The army contended that there were people on the lookout, and after the patrols would have passed, they would "come out and do their mischief." Stabroek News understands that the only way the blocking of the roads could be controlled is if the army establishes static patrols.
The police release also stated that at about 14:40 hrs, "persons threw lit coconut branches onto the Buxton Public Road at the junction of Company Road. However, an alert police patrol quickly removed the branches preventing obstruction to vehicular traffic."
As a result, vehicular traffic was diverted from the Railway Embankment, onto the main road, between Strathspey and Annandale. "The area is relatively quiet with patrols being maintained on the main road and the embankment," the police said at 17:04 hrs.
Acting Commissioner of Police, Floyd McDonald again appealed to residents of Buxton to "allow peace to prevail and to abide by the laws of the country."
Meanwhile, in an earlier release, the police said they were conducting investigations "into several deplorable criminal acts" which occurred on Monday in the Buxton/Friendship area. The police said the residents were reacting to the arrest of a man, "who had forced his way through a military cordon."
In the first incident, the police said, at about 18:10 hrs, the driver of a mini-bus was robbed of $45,000 cash and a cellular phone after he was forced to stop on the Buxton Public Road by the objects that were placed across the road.

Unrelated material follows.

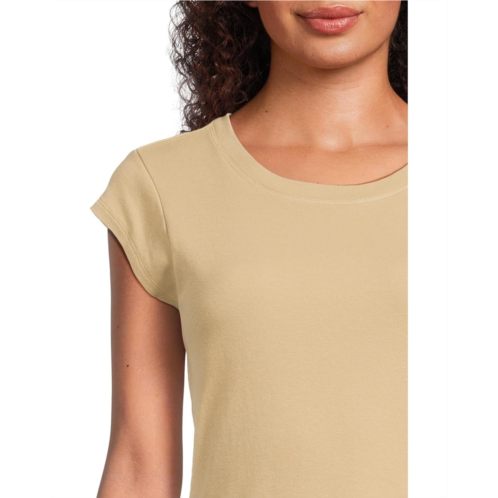 The Mod-o-doc Cap Sleeve Crew Neck Slim Tee blends both style and comfort for effortless, everyday wear. The pull-on style tee features a crew neck, cap sleeves, and a straight hem.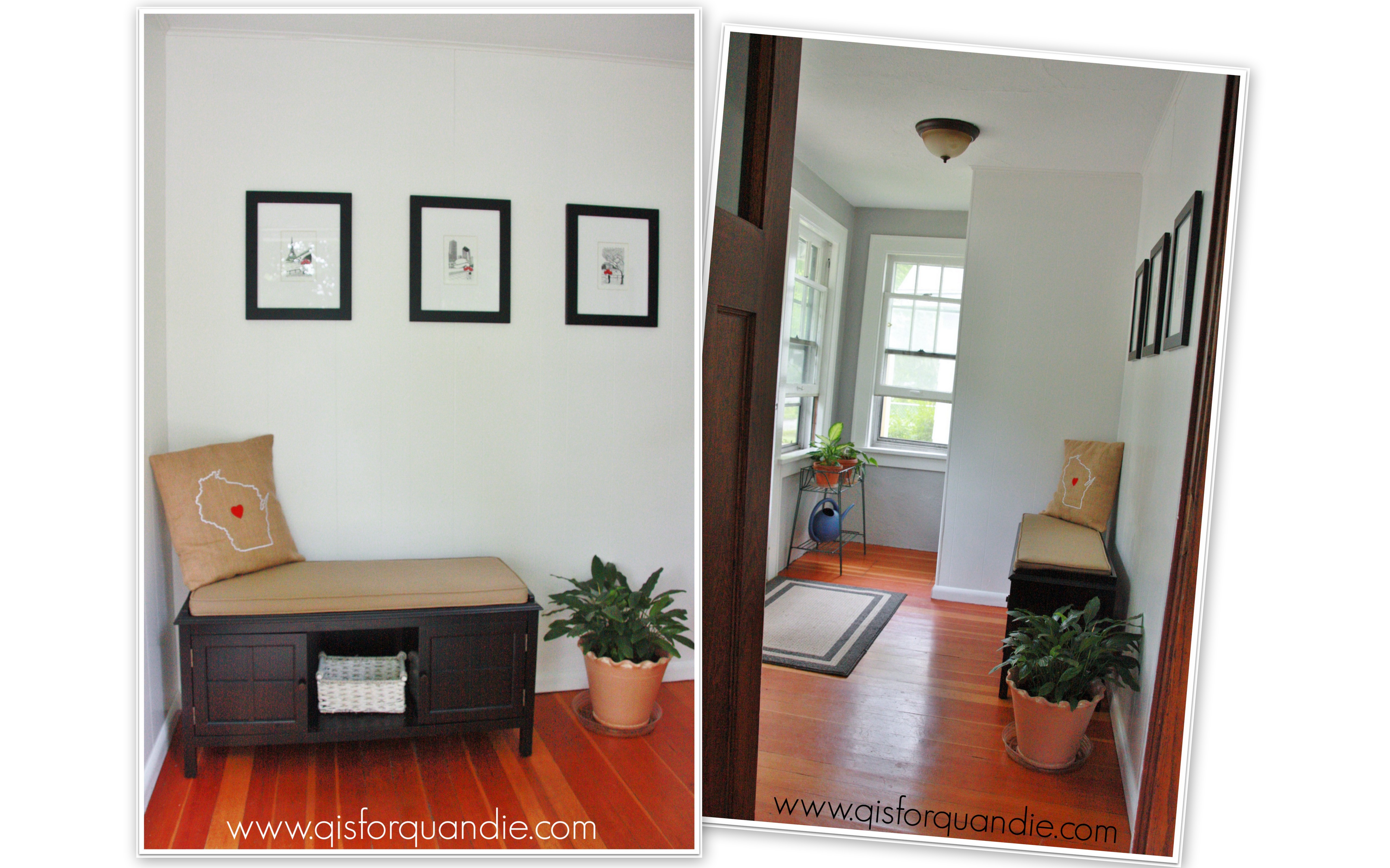 Jen has a darling little entry porch that welcomes you to her home. Her Wisconsin pillow was ordered from Etsy, and yes, Jen is originally from the Badger State.

"After robbing the driver of the bus, [a] group of persons then pushed the vehicle into a nearby trench and set it on fire... Then at about 22:50 hrs, a 51-year-old resident of Cove and John, [another East Coast Demerara village east of Buxton] was driving his minibus along the Friendship Public Road when he was attacked by two men who threw gasoline into his bus and set it alight after he stopped to pick up passengers," the release stated.

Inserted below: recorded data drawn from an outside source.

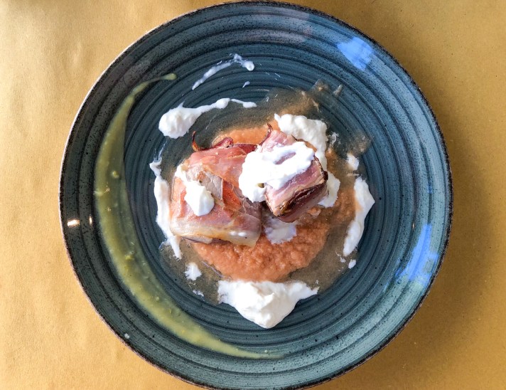 Per iniziare ordino un antipasto che m’incuriosisce. Si tratta di un cubo di tonno in manto di speck su coulis di cuore di bue e stracciata di burrata. L’impiattamento è curato ed i singoli ingredienti sono di qualità, nulla da ridire, ma ci sono dei ma. Trattandosi di un antipasto non dovrebbe saziarmi, cosa che invece i due cubi di tonno da circa 100g l’uno fanno. In aggiunta, per essere ancora Febbraio, la coulis di cuore di bue e la stracciata di burrata raffreddano troppo il piatto, dettagli che sarebbero sicuramente più apprezzati in primavera inoltrata quando le temperature saranno più alte. Infine, il sapore delicato del tonno è sovrastato completamente dagli altri ingredienti, in primis dallo speck.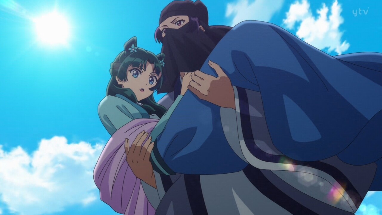 一期最後で猫猫を抱えながら城壁の上から飛び降りた壬氏様だ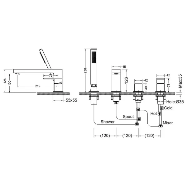 • Смеситель врезной - 1 шт.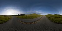the camera view shows a curved road running through green hills and grass and flowers on the side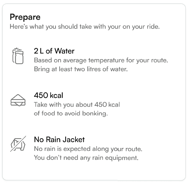 Another way we support users is by helping them prepare for their ride. In this section, we highlight the most important items to bring—tailored to the weather, route length, and intensity.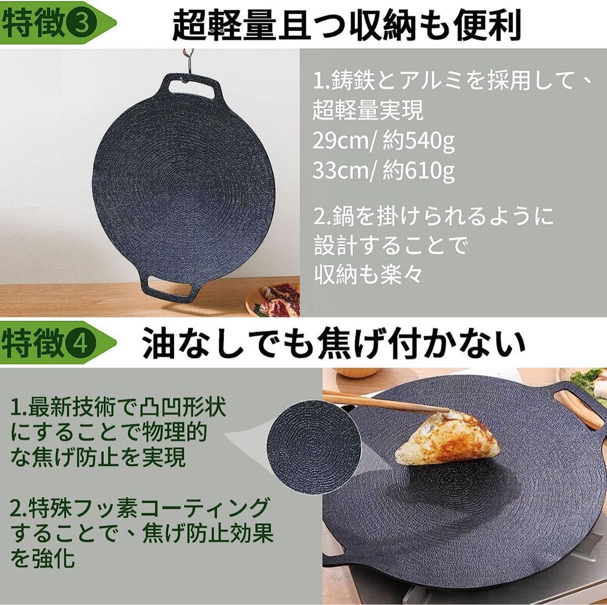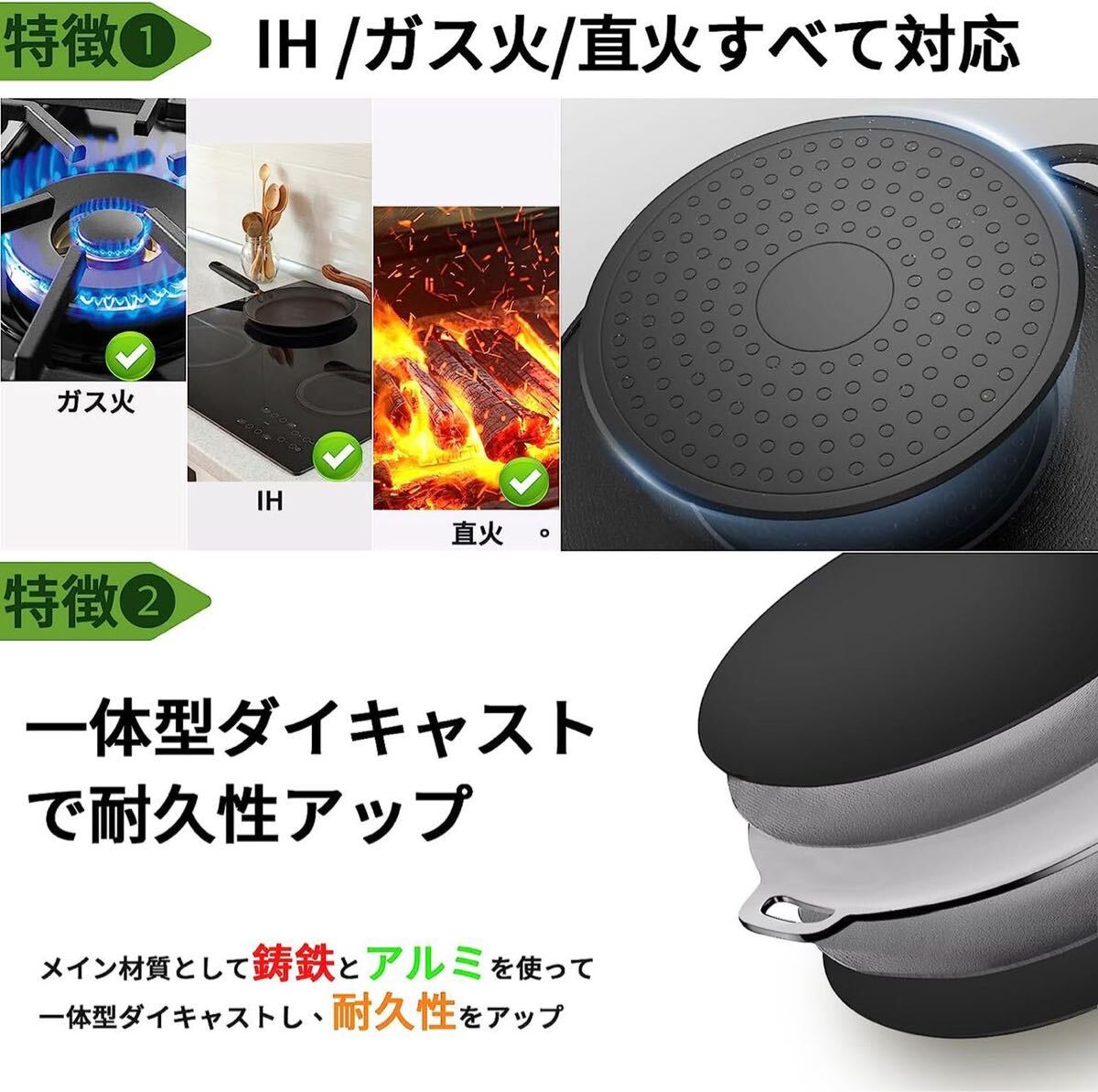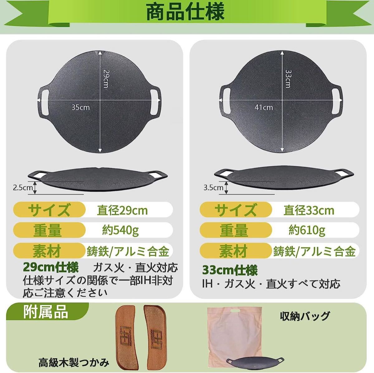 【仕様】直径33cm/重さ約610g。素材:鋳鉄とアルミ合金。詳細はメイン画像をご参考ください。こちら33cmの仕様は、サイズの関係で、一部のIHコンロを対応しない可能性あるので、ご注意ください。ソロキャンプなど1-2人の使用目安としてご参考ください。

The police said the passengers quickly disembarked and helped put out the flames. No one was injured and the bus was not badly damaged, the police said.
The third incident reportedly occurred close to midnight. The police said an Enmore resident was beaten and robbed of his car and a wristwatch by five men armed with guns. That man, too, was reportedly forced to stop because of a large fire in the centre of the Friendship Public Road. The car was later recovered in the vicinity of the Church of God Road at Buxton, minus the battery and ignition keys.